#### WHAT IS EXPECTED
Transcribe the listing word for word, beginning at its first line and ending at the line containing "strawa Kolbenventil DN"; omit the pictures.
• • • •
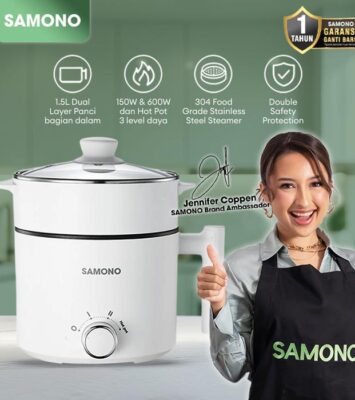 Samono Panci Listrik Hotpot Multi Cooker 1,5L dengan Kukusan Tutup Kaca
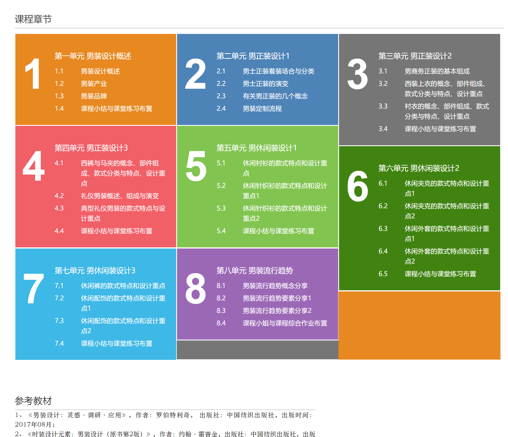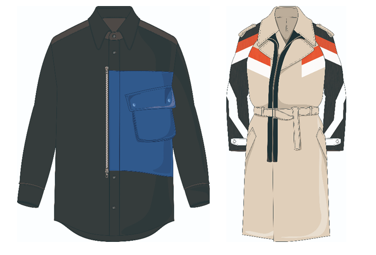 顾雯老师教授的“男装款式设计”是面向服装设计与工程方向学生开设的专业选修课。这门课的教学目标是通过教授和学习,使得学生对男装的特点、设计规则、款式认知等有所了解,并能结合流行元素进行男装款式的创意与设计。正常教学条件下,课堂一般以125的师生比进行面对面辅导,以辅导为主、理论讲授为辅。转为线上教学后,为了能让学生们更好地理解男装设计的规则,顾老师在授课内容上加入了更多的设计案例,并通过学习通和微信群等平台开展有关设计方案的讨论。在教学任务的设置上,针对学生现有的学习条件,鼓励利用手绘、iPad绘制、电脑软件绘制等多种形式开展,每周课程均给学生布置一个小作业练习,既不在课业上造成负担,又能让学生们对当周的学习内容加强理解并开展创意练习。特别值得一提的是,由于被滞留武汉,该门课的课件并没有带在身边,顾老师是在参考了服装设计专业的男装设计课程课件后,结合服装设计与工程专业学生的专业基础、学习目的等因素,重新从头组织了课程内容的设计,并从网络上的各种课程和设计资源库寻找更多的案例,博采众长,优化线上课程内容。
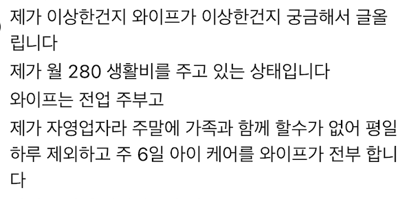 주 6일 근무를 하는 남편이고 와이프가 아이케어를 전담한다고 합니다.
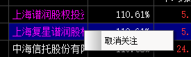列表中为加入关注的所有股东汇总。选中股东点击鼠标右键,可取消关注。
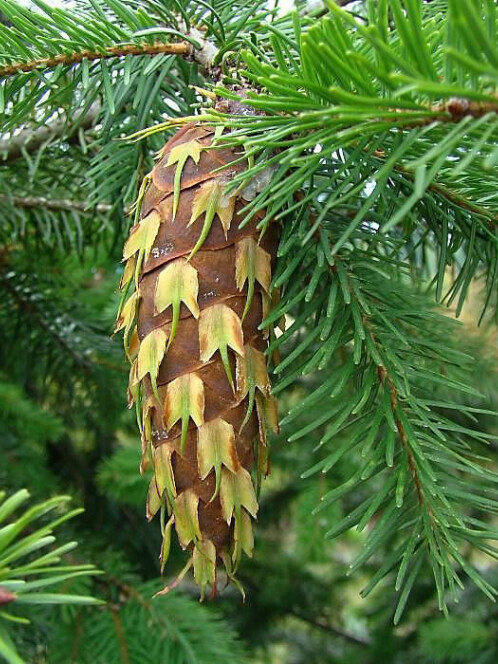 | Плоды | Шишки висячие, продолговато-яйцевидные, 5-10 см длиной, имеют характерные трехзубчатые кроющие чешуйки с вытянутой средней жилкой. |
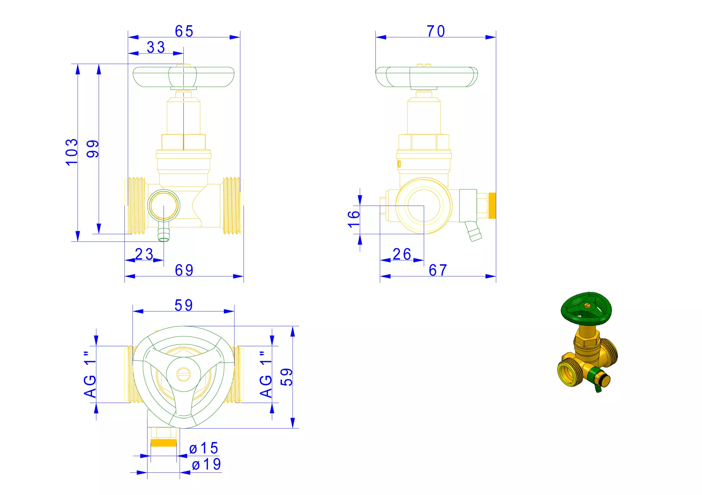 strawa Kolbenventil DN 20 m.Entleerung für HEG-Hauseingangsverteiler
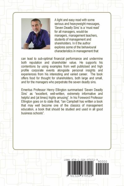 A light and easy read with some serious and heavyweight messages, 'Seven Deadly Sins' is a 'must read' for all managers, would-be managers, management teachers, students of management and shareholders. In it the author explores some of the behavioural characteristics in management that can lead to sub-optimal financial performance and undermine both reputation and shareholder value. He supports his contentions by using examples from well publicised and high profile corporate events alongside personal insights and experiences from his interesting and varied career. The book offers food for thought for shareholders, both large and small, and for the managers who perpetrate the seven deadly sins. Emeritus Professor Henry Ellington summarised 'Seven Deadly Sins' as "excellent, well-written, extremely informative and helpful and (at times) highly amusing".
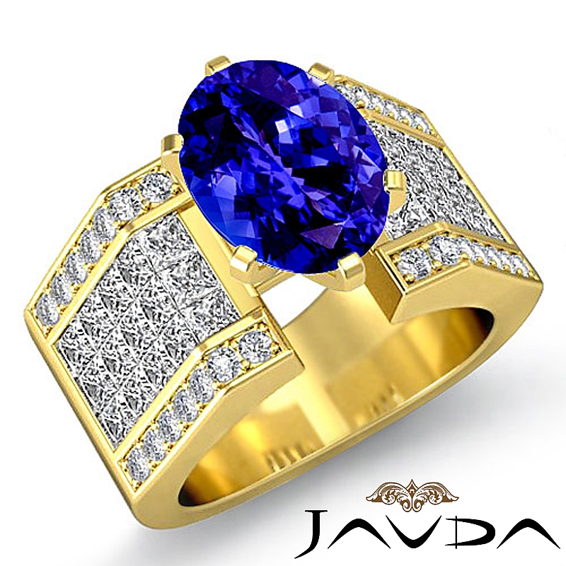 Invisible Setting Shank style Engagement Ring, center is Oval shape D Block Tanzanite Report by , Color & clarity, Made in 14k Yellow Gold (3.62 ct. tw.)
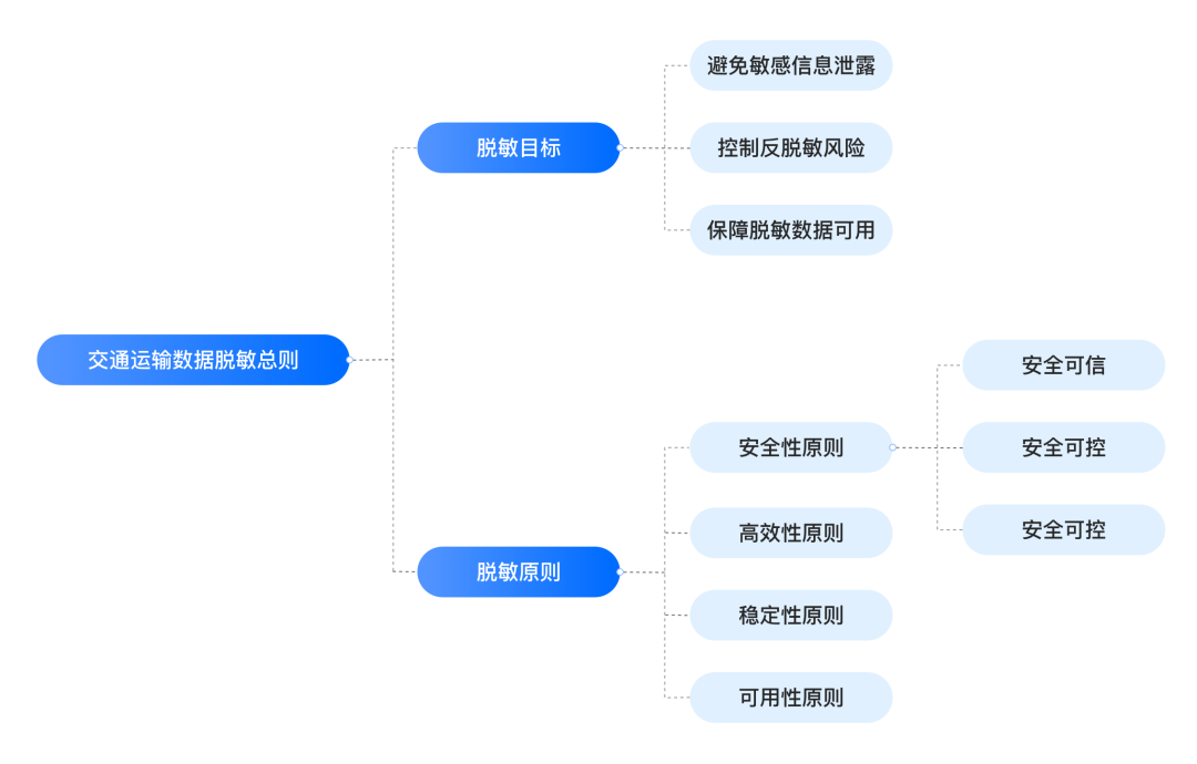 本标准对交通运输数据脱敏进行明确定义,基于国家对数据脱敏产品相关要求和数据脱敏的实际应用需求确立了包含3项数据脱敏目标和4项数据脱敏原则的交通运输数据脱敏总则。
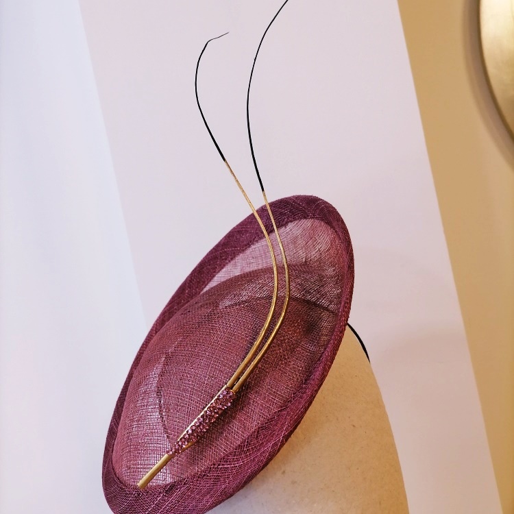 Plato levantado en el extremo superior, adornado con dos raquis dorados y pasador de cristal swarovski en rosa (los cristalitos han sido puestos uno a uno). Medida 23cm. diametro. Se puede hacer en otros colores consultar disponibilidad. Se puede cambiar el adorno de la base (el precio variaría). Sujecion con diadema. La web es solamente informativa, no se puede comprar. Para compras por whatsapp 651758623 o email julietaelx@gmail.com
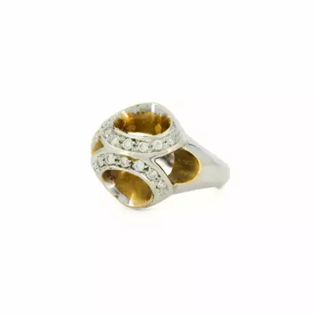 Description: Hollow geometric ring with diamonds in a bezel setting. Round elements are partially
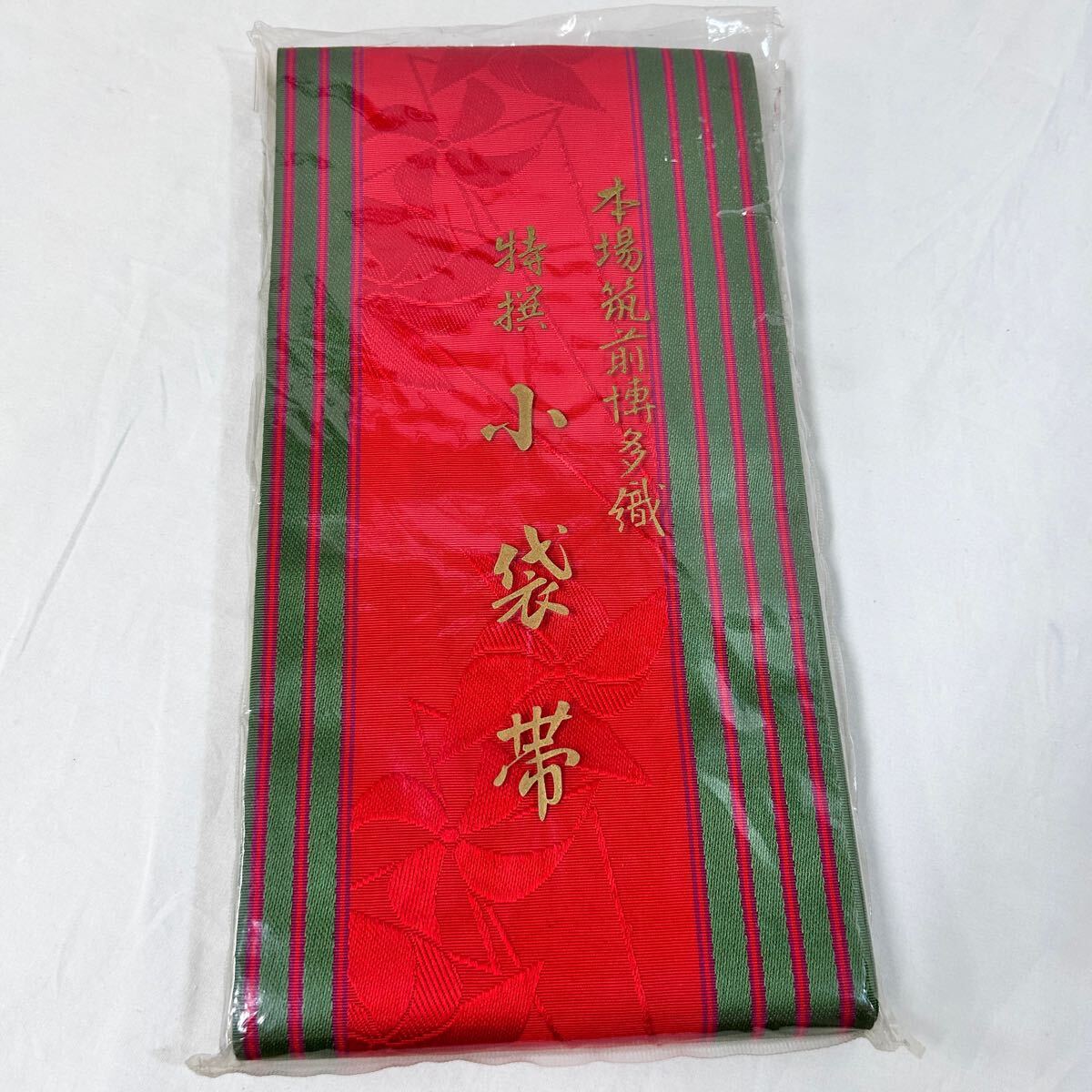 > ★美品★本場筑前博多織 特撰 小袋帯 半幅帯 吉弥帯 正絹 博多帯 浴衣帯 帯 夏帯 赤×緑 巾15cm 長さ352cm 着物 浴衣 女性 (06077並
• • • •
#### YOUR SOLUTION
 Samono Panci Listrik Hotpot Multi Cooker 1,5L dengan Kukusan Tutup Kaca
 顾雯老师教授的“男装款式设计”是面向服装设计与工程方向学生开设的专业选修课。这门课的教学目标是通过教授和学习,使得学生对男装的特点、设计规则、款式认知等有所了解,并能结合流行元素进行男装款式的创意与设计。正常教学条件下,课堂一般以125的师生比进行面对面辅导,以辅导为主、理论讲授为辅。转为线上教学后,为了能让学生们更好地理解男装设计的规则,顾老师在授课内容上加入了更多的设计案例,并通过学习通和微信群等平台开展有关设计方案的讨论。在教学任务的设置上,针对学生现有的学习条件,鼓励利用手绘、iPad绘制、电脑软件绘制等多种形式开展,每周课程均给学生布置一个小作业练习,既不在课业上造成负担,又能让学生们对当周的学习内容加强理解并开展创意练习。特别值得一提的是,由于被滞留武汉,该门课的课件并没有带在身边,顾老师是在参考了服装设计专业的男装设计课程课件后,结合服装设计与工程专业学生的专业基础、学习目的等因素,重新从头组织了课程内容的设计,并从网络上的各种课程和设计资源库寻找更多的案例,博采众长,优化线上课程内容。
 주 6일 근무를 하는 남편이고 와이프가 아이케어를 전담한다고 합니다.
列表中为加入关注的所有股东汇总。选中股东点击鼠标右键,可取消关注。
 | Плоды | Шишки висячие, продолговато-яйцевидные, 5-10 см длиной, имеют характерные трехзубчатые кроющие чешуйки с вытянутой средней жилкой. |
 strawa Kolbenventil DN 20 m.Entleerung für HEG-Hauseingangsverteiler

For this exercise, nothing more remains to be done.